Problems on hold
The date 28 October 2018 marked 13 months on the start of activity of the Cabinet-affiliated committee concerned with legalising the status of unlicensed churches in Egypt. Since then, the Cabinet Committee has approved the legalisation of 53 churches and church-affiliated community centres on 26 February 2018; 167 churches and affiliated buildings on 17 April 2018; and 120 others on 11 October 2018. The Prime Minister accordingly issued the legalisation decisions, provided the buildings met the conditions for structural soundness and civil defence requirements.
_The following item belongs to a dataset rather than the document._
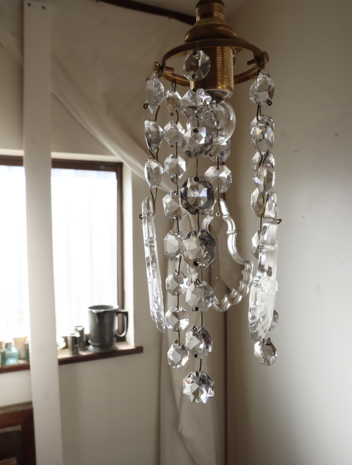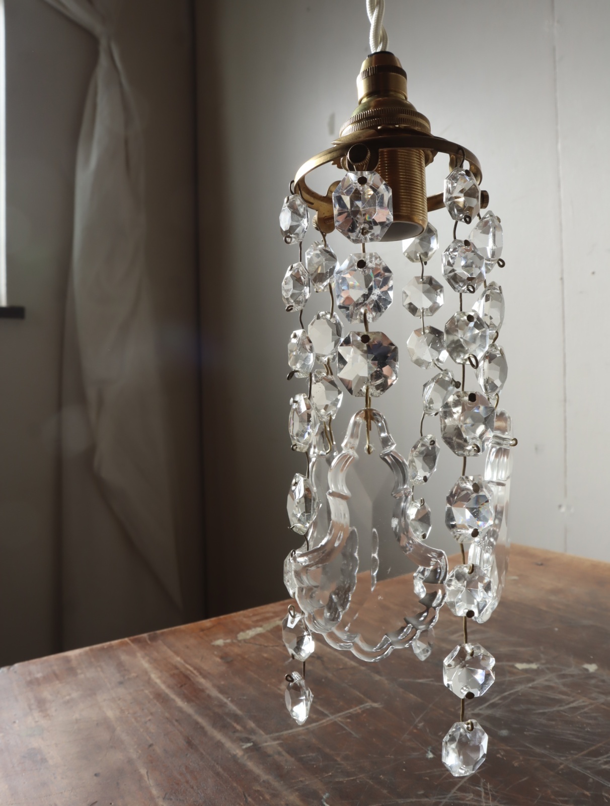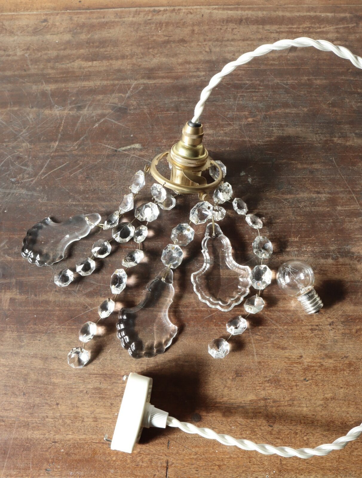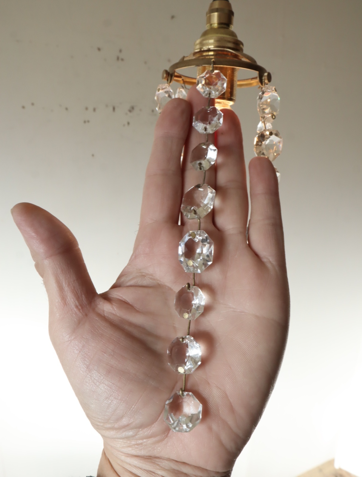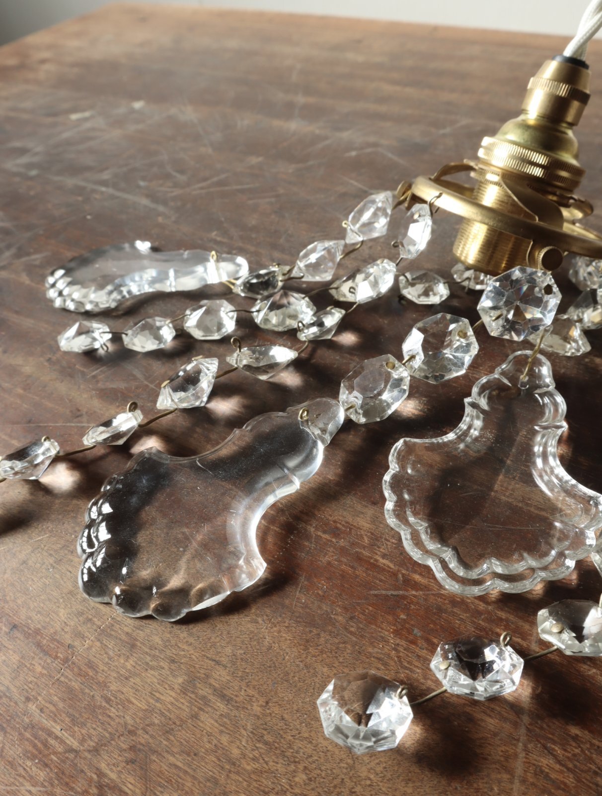 フランスの古い大きなシャンデリアを分解してパーツを取り外し、そのパーツを使って

Simple arithmetic reveals that it took the Committee 13 months to look into 340 cases out of a total 3730 churches and church-affiliated buildings that had submitted applications for legalisation, backed by all the required documents, before the deadline of 28 September 2017. It must be stressed that all 3730 cases answered the conditions stipulated by the Law for Building and Restoring Churches that went into force on 28 September 2016. Their papers were accepted by the Cabinet Committee, meaning the applications would not be rejected; they needed only be looked into by the committee which should then approve their legalisation and pass on the approvals to the Prime Minister to issue the required decisions according to the law.
Last October’s legalisation of the third batch of unlicensed churches and affiliated buildings brought the total number of approvals to 340 out of 3730 cases seeking legalisation, that is 9 per cent of the total cases. At the same rate, it would take another 12 years for the committee to complete its work; a full 13 years to conclude its mission. Ironically, this in itself is progress, given that last August the committee had looked into 6 per cent of the cases, that is it needed 17 years to complete its mission.
Some may criticise my opinion, saying: “Does nothing satisfy the Copts?” With all due appreciation of the effort of the Cabinet Committee which includes among its ranks elite high-ranking officials of sovereign authorities, I have strong reservations regarding the manner in which the spirit of the law is being served.
The Law for Building and Restoring Churches was mainly intended to ease the building of new churches and church-affiliated buildings, the restoration of existing ones, and the legalisation of unlicensed ones built before the law was passed. That was during what we term the ‘crisis era’, the long years when political and security conditions complicated the procedures of issuing licences for new churches. Those then in authority overlooked the freedom of worship stipulated by subsequent constitutions. They allowed Muslims to freely build mosques but prevented Christians from building churches. The outcome was that churches were built in secret, disguised as other architectural units, most commonly houses. These buildings continued to host prayers, religious rites and church services, all under the nose of the administration and security officials who chose to overlook their illegal status in order to be able to close them down at whim, under the pretext that they were illegal.
Now things have changed. Egypt went through a crisis following the Arab Spring upheaval on 25 January 2011, when Islamists attempted to steal her identity. But Egyptians, Muslim and Christian, some 30 million of them, took to the streets on 30 June 2013 to save Egypt. A new era dawned uniting Egyptians on grounds of citizenship alone. In 2014 a new Constitution was passed, granting all freedoms and paving the road for the legislation needed. Among such legislation was the Law for Building and Restoring Churches and Legalising the Status of Old Churches, the churches of the crisis era. Is it then acceptable to achieve this at tortoise pace? The slow pace constitutes injustice by all standards. It is unthinkable that current de-facto churches or church-affiliated buildings should wait another 13 years to acquire legitimacy.
There is definitely something the State could do to speed up the legalisation procedure. I fully understand and appreciate the huge responsibilities shouldered by the members of the Cabinet Committee, each in his own capacity in other State posts. It is not reasonable to assume they could free themselves up to carry the responsibilities of the Committee for Legalising Churches. It is thus necessary to establish an apparatus that would be able to fulfil that task in a reasonable time span.
I imagine it would take a presidential decision to form a subcommittee, with the necessary administrations, whose sole role would be to get this work done. Only then would legalisation be achieved at a speedier pace.